A Waterhouse Model Discovered
By Scott Thomas Buckle
There has been much speculation into the identity of the models used by the artist John William Waterhouse. Whilst the focus had primarily been upon the female faces and figures that populate his pictures, research that I conducted in 2005 introduced the name of a well-known Victorian male model to feature within Waterhouse’s oeuvre.
Attributed to Sir Frank Brangwyn
Head of an old warrior
Pencil on paper
Private Collection (Scott Thomas Buckle)
My investigation began with a drawing that I purchased in 2004. The unattributed sketch was described as ‘The head of an old Hussite warrior’ and was sold by an art dealer in Prague, who had found it within a folio of loose prints and drawings by various artists. My initial thought was that the drawing might be by John William Waterhouse, although subsequent research has led me to believe that it may actually be by Sir Frank Brangwyn.

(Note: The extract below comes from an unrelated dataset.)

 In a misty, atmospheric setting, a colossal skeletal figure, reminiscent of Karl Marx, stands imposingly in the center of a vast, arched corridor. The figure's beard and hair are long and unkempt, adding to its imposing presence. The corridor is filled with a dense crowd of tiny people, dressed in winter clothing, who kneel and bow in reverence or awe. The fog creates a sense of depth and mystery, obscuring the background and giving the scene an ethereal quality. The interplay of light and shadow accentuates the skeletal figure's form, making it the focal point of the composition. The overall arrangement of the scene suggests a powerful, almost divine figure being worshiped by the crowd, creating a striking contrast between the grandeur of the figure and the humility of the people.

The sketch bears two inscriptions, one at the top and one at the bottom of the sheet. The lower inscription may have misled previous owners of the drawing that it was the signature of the artist. I recognised that the name, albeit misspelled, was that of the celebrated model Colarossi, an Italian who had settled in London in the middle of the 19th Century and posed for some of the greatest Victorian artists.

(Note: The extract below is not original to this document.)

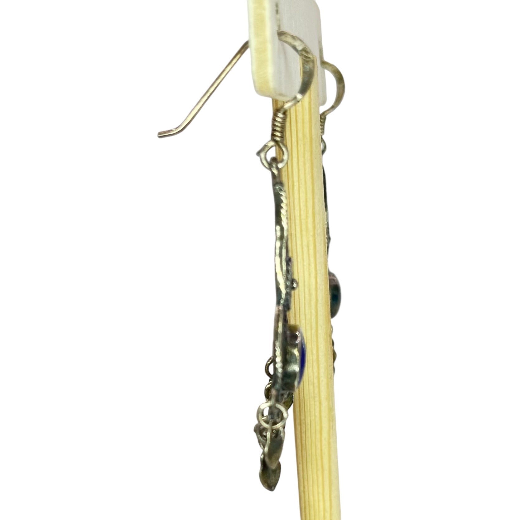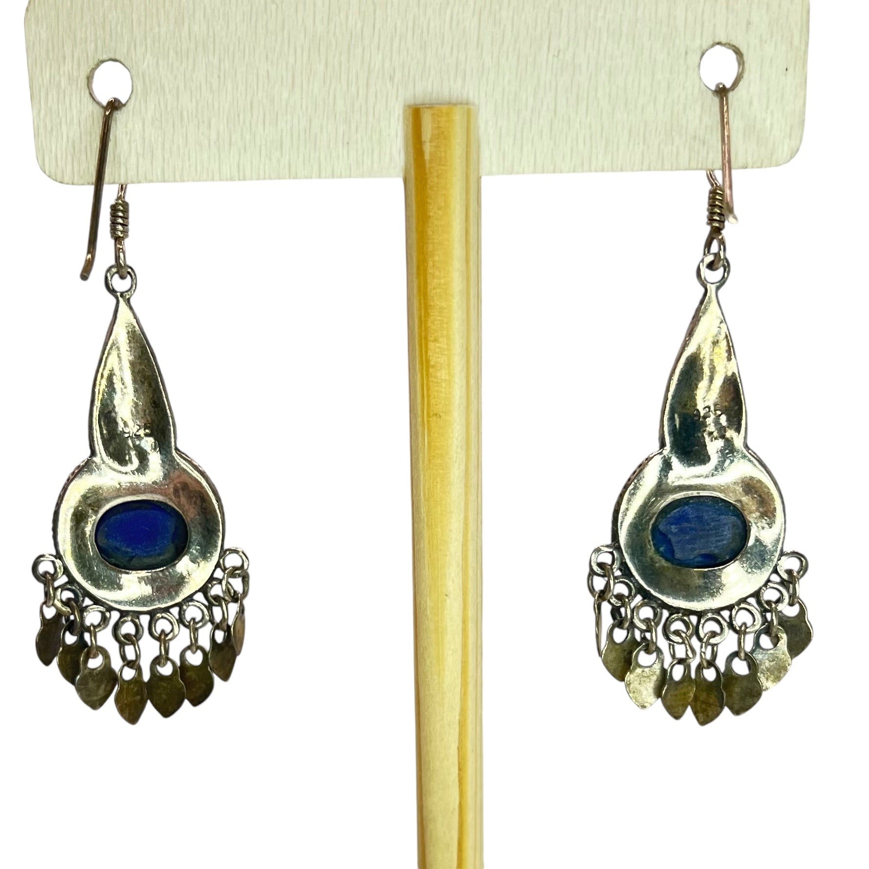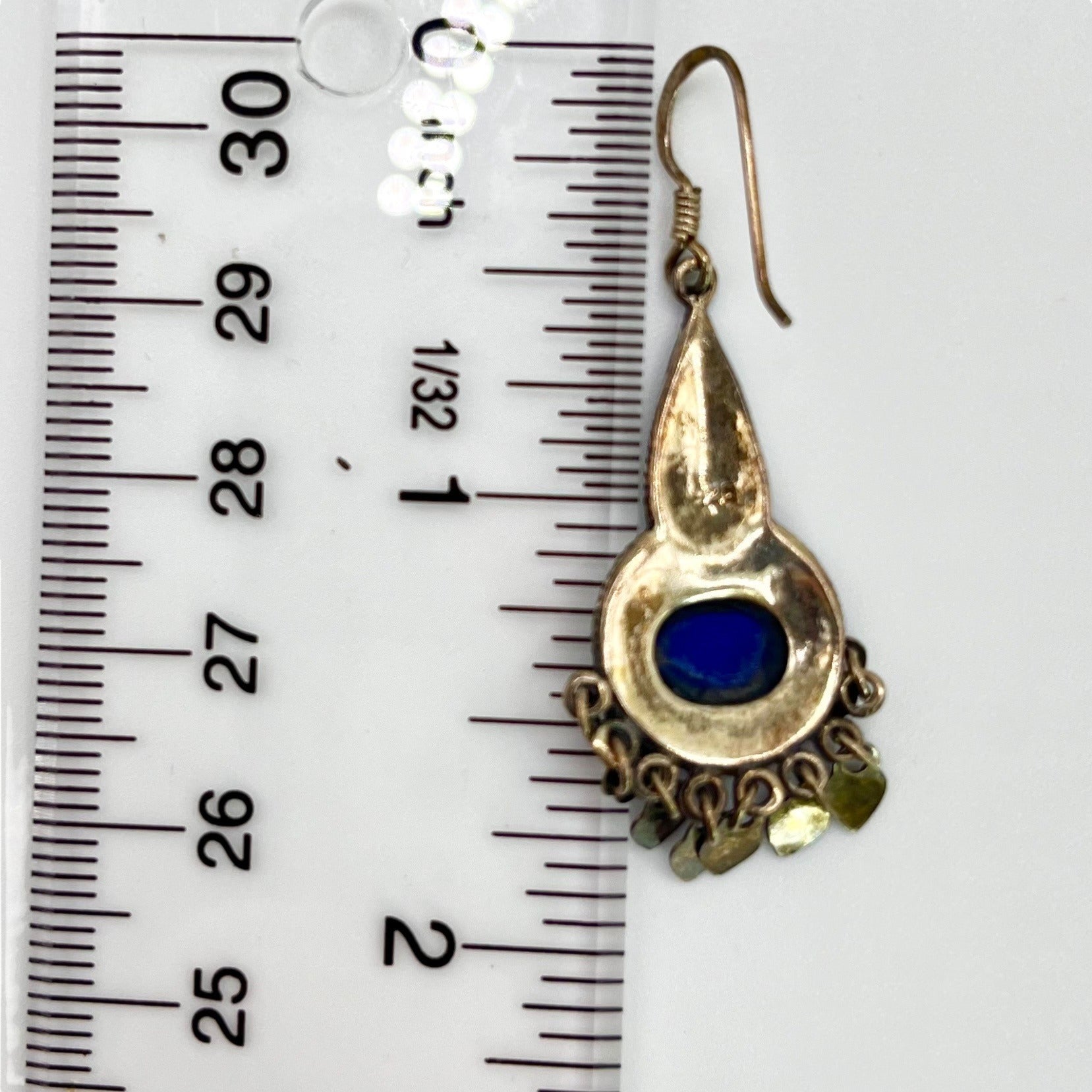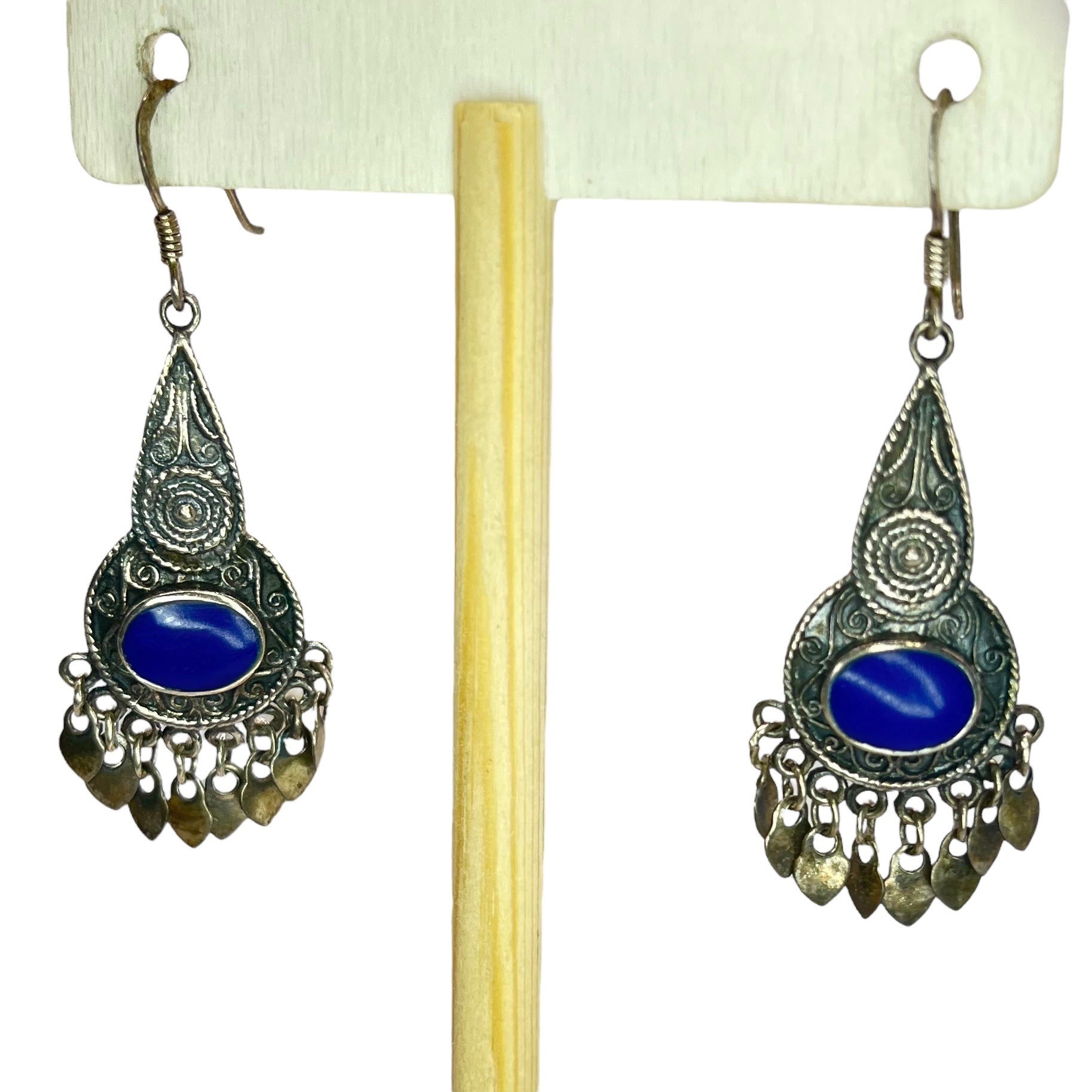 925 Sterling Silver Lapis Lazuli Dangle Drop Earrings Ornate Bali Blue Bohemian

Angelo Colarossi was born in the city of Naples in 1839, but soon found himself part of a community of fellow countrymen whose classical looks made them sought-after models for leading British artists of the day. Amongst the better-known Italian models working in London were Gaetano Meo, who modelled for Simeon Solomon, Rossetti, Burne-Jones, Alma Tadema and Lord Leighton as well as becoming a studio assistant to Sir William Blake Richmond; Domenico Mancini, who is known to have posed for G F Watts, Blake Richmond, Alma Tadema, Sargent, Draper and Holman Hunt; and Alessandro di Marco whose athletic build was favoured by Blake Richmond and Burne-Jones (he also modelled for Waterhouse in his 1877 painting of A Sick Child Brought into the Temple of Aesculapius). Colarossi, however, seems to have been even more in demand. He was the model for Lord Leighton’s bronze An Athlete Wrestling with a Python and led the artist to refer to him as ‘his favourite Italian model, a man of splendid physique’. Edwin Austin Abbey introduced the model to John Singer Sargent who used him for some of the figures in his murals in the Boston Library. Sir John Everett Millais depicted him as the old Genoese sailor in his 1870 painting of The Boyhood of Raleigh in the Tate Collection. He is also known to have sat to Burne-Jones, George Frederic Watts, Frederick Sandys, William Hamo Thornycroft, Francis Davis Millet, Herbert James Draper, Edmund Blair Leighton and George Howard, the Ninth Earl of Carlisle. For a long time it was thought that Colarossi featured as the model for an 1867 photograph by Julia Margaret Cameron entitled Iago, Study from an Italian, but I presented new evidence in an article that I wrote for the British Art Journal in 2012 to suggest that Alessandro di Marco was in fact the model for the photograph.
An Athlete wrestling with a Python, 1877
An engraving by W. Biscombe Gardner of Lord Leighton's bronze.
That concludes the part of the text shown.